Я говорю: «Понимаю. Вы боитесь признать, что кто угодно может решиться начать войну против вас. Идеи у людей появятся… Никогда нельзя показывать американского солдата, идущего против правительства Америки, слишком много народа спросят, почему так, слишком многие спросят, что не так, а на спуковских карандашах резинок нет».
Серф-Нацик лыбится. «А нет никаких спуковских карандашей. И спуков нет. Нас тут сроду не бывало».
— Сроду не бывало, — говорит Недостающее Звено. Он шарится в бритвенных принадлежностях на моей койке. Моя койка такая образцовая, что кинешь четвертак на одеяло — он подпрыгнет. Недостающее Звено исследует мои бритвенные лезвия, потом берет письмо, адресованное моей матери, в котором я сообщаю ей, что еще не умер, и что скоро приеду домой живым и невредимым. У нас на ферме телефона нет.
Я говорю: «Положи письмо на место, перхоть подзалупная, не то тебе обрубок шеи бинтом перемотают».
Недостающее Звено глядит на меня, ничего не говорит, затягивается разок сигаретой и бросает письмо на подушку.
— Есть пошли, — говорит Серф-Нацик. Потом мне: «Мы с тебя глаз спускать не будем».
Спуки разворачиваются на выход, и Недостающее Звено тоже говорит: «Ага, глаз спускать не будем».
Я говорю: «А мы с вас не будем глаз спускать».
Перелет на «Птице свободы» от Японии до Калифорнии в чреве «Американской крепости» — 18 часов мечты для двух сотен просоленных и продубленных вьетнамских ветеранов. До отвала холодного пива и круглоглазых стюардесс.
Может, война и похожа на сказку про Золушку, в которой мужчины превращаются в солдат, но процесс увольнения на авиабазе морской пехоты Эль-Торо, что к югу от Лос-Анджелеса — сплошная скучная и утомительная перекличка, от больших белых отделенных казарменных отсеков через сборные бараки, что раскиданы по всей базе, до красного кирпичного штаба и заново обратно.
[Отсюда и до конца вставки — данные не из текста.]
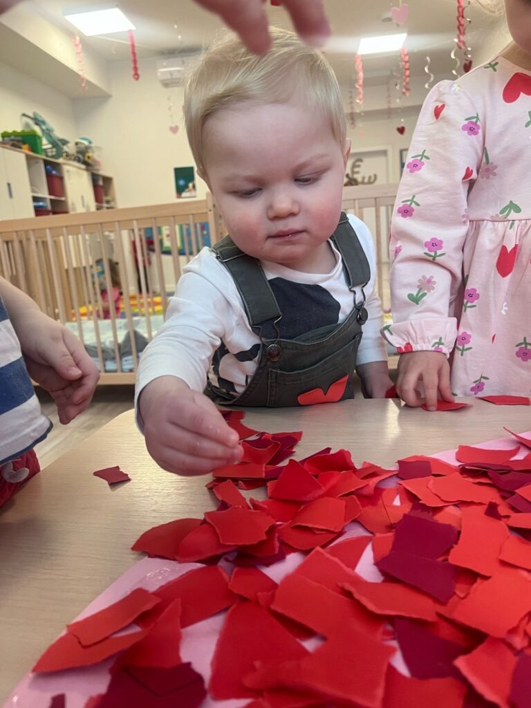 Chłopiec trzyma w dłoni strzępek czerwonej kartki, przykleja go do papierowego serca.

Медобследования. Куча образцово-показательной херни, которой так любят заниматься в войсках в Америке. Выплатили жалованье — я получил накопившееся за год. Вылезли из казенного белья, деньги получили — и от солдата до насрато ровно за восемь часов, прочь из Зеленой Мамы и обратно в Мир.
Мы понимаем, что уже почти гражданские, когда нас отводят в актовый зал, и типы из полицейского управления Лос-Анджелеса произносят речь, зазывая в свои ряды.
После зазывательной речи получаем приказ направляться в соседнее здание для прохождения следующего этапа предусмотренных для нас процедур.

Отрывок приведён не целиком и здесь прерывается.